I know, I know. In my last post I said I’d be back in September and here we are, already in mid-October. Not that I haven’t tried to write something sooner. I actually wanted to refocus on climate change discussions and see whether citizens from the global South have anything to say about the historic agreement reached in Paris at the end of last year.
It hasn’t been so easy to find out. While there is relatively a lot of information available on citizen engagement in development programmes and policy-making, participation in climate change discussions seems to remain limited. Some efforts to include citizens from around the world were made in the lead up to the Paris conference (COP 21) and I already wrote about them here. But since then it’s been fairly quiet on the citizen engagement front or so it seems.
In fact, climate change itself has not made big headlines in recent weeks despite another couple of historic milestones being reached. On 5 October, the Paris agreement achieved the threshold required to enter into force, with enough Parties ratifying the Convention and accounting together for at least 55% of the global greenhouse gas emissions. The actual entry into force will happen on 4th November, meaning that for the first time since Paris we will start seeing some concerted action to fight climate change globally.
It is true that UNFCCC, the UN body that successfully led the climate change negotiations in Paris, has already embarked upon several initiatives to ensure citizens become more aware of climate change and engage in meaningful action, as agreed in Article 6 of the new agreement.

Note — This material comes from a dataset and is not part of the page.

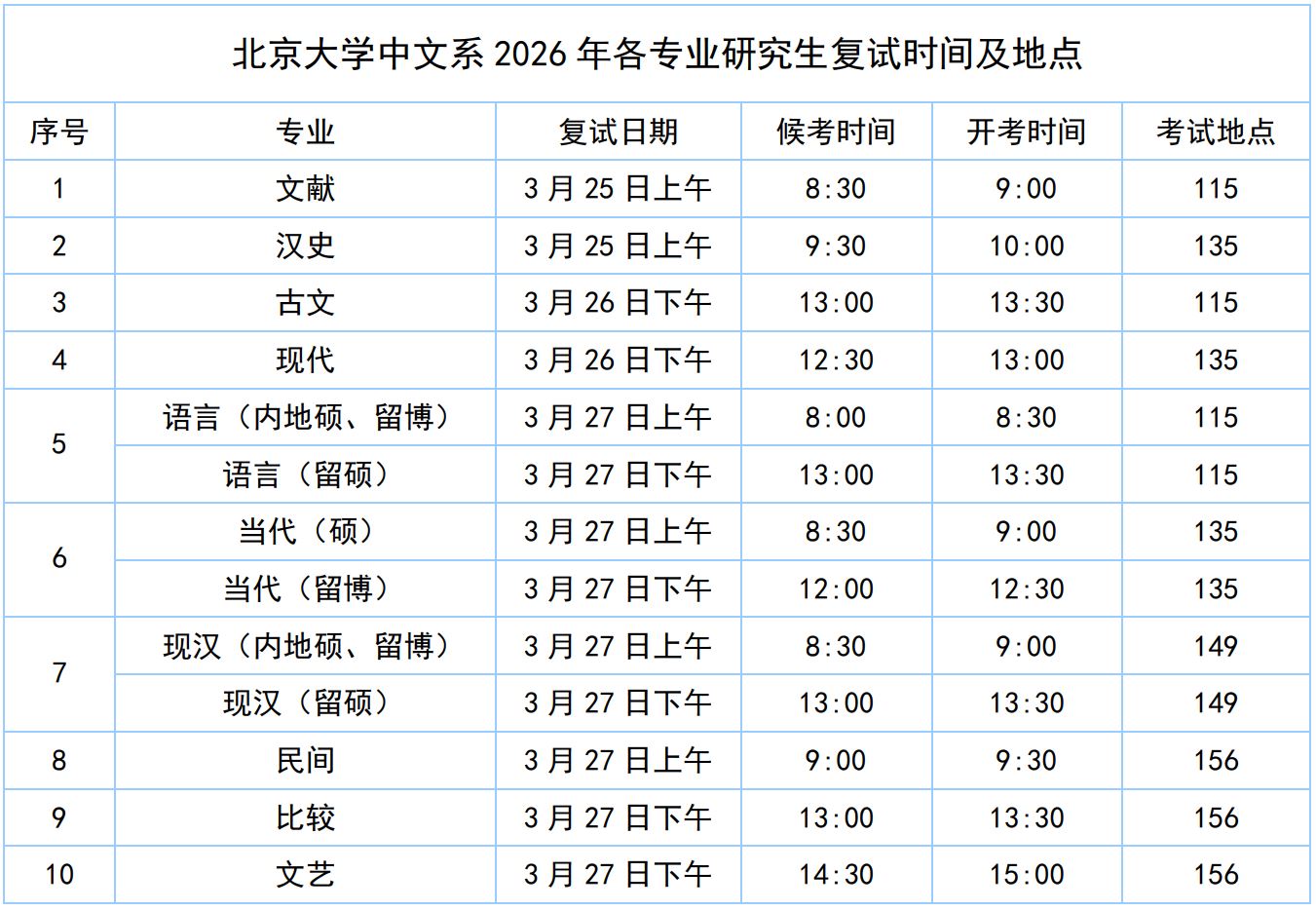2.各专业复试安排如下(考试地点均在北京大学人文学苑6号楼会议室):

One work stream even focuses on public participation, however the related websites are primarily designed for creating communities of experts and policymakers. With the notable exception of youth activities, education and training seem to be the only space where individual citizens can participate.
Other initiatives I have found about include the Citizen Climate Engagement Network, or CCEN, a new platform established at the Paris conference that seeks to build a global base of local knowledge, bringing local insights into the next climate negotiations (COP22) starting in Marrakech, Morocco in November. CCEN members can contribute by hosting a local working session focusing on specific issues, such as linking climate action with the recently approved UN Sustainable Development Goals or promoting citizen participation. CCEN even provides an online toolkit to better manage the discussion. This initiative looks more promising but there is no indication that it is reaching people in developing countries. It would be good to learn more about how local meetings are going, and where.
Same goes for the Citizens’ Climate Lobby, a US-based alliance with chapters in many Southern countries that aims to build enough political will to pass legislation on carbon fees and dividends around the world. I would be curious to find out about progress on this agenda. For now, it looks heavily driven by US climate politics.
Hopefully, COP22 in Marrakech will address the need to more closely engage citizens in climate change discussions, in particular in those countries that are suffering the most from the impact of global warming, such as Chile or Burkina Faso. We need to challenge the assumption that you cannot truly influence policy-making unless you are an expert. In reality, there are many ways non-experts can contribute to the discussion through their local knowledge, alternative approaches to problem-solving and by upholding their right to participation with their policy-makers and politicians.
Citizen participation in pre-Paris discussions shows that people are not just concerned about climate change, but willing and able to contribute to the solution. Let’s continue this conversation, starting in Marrakech next month.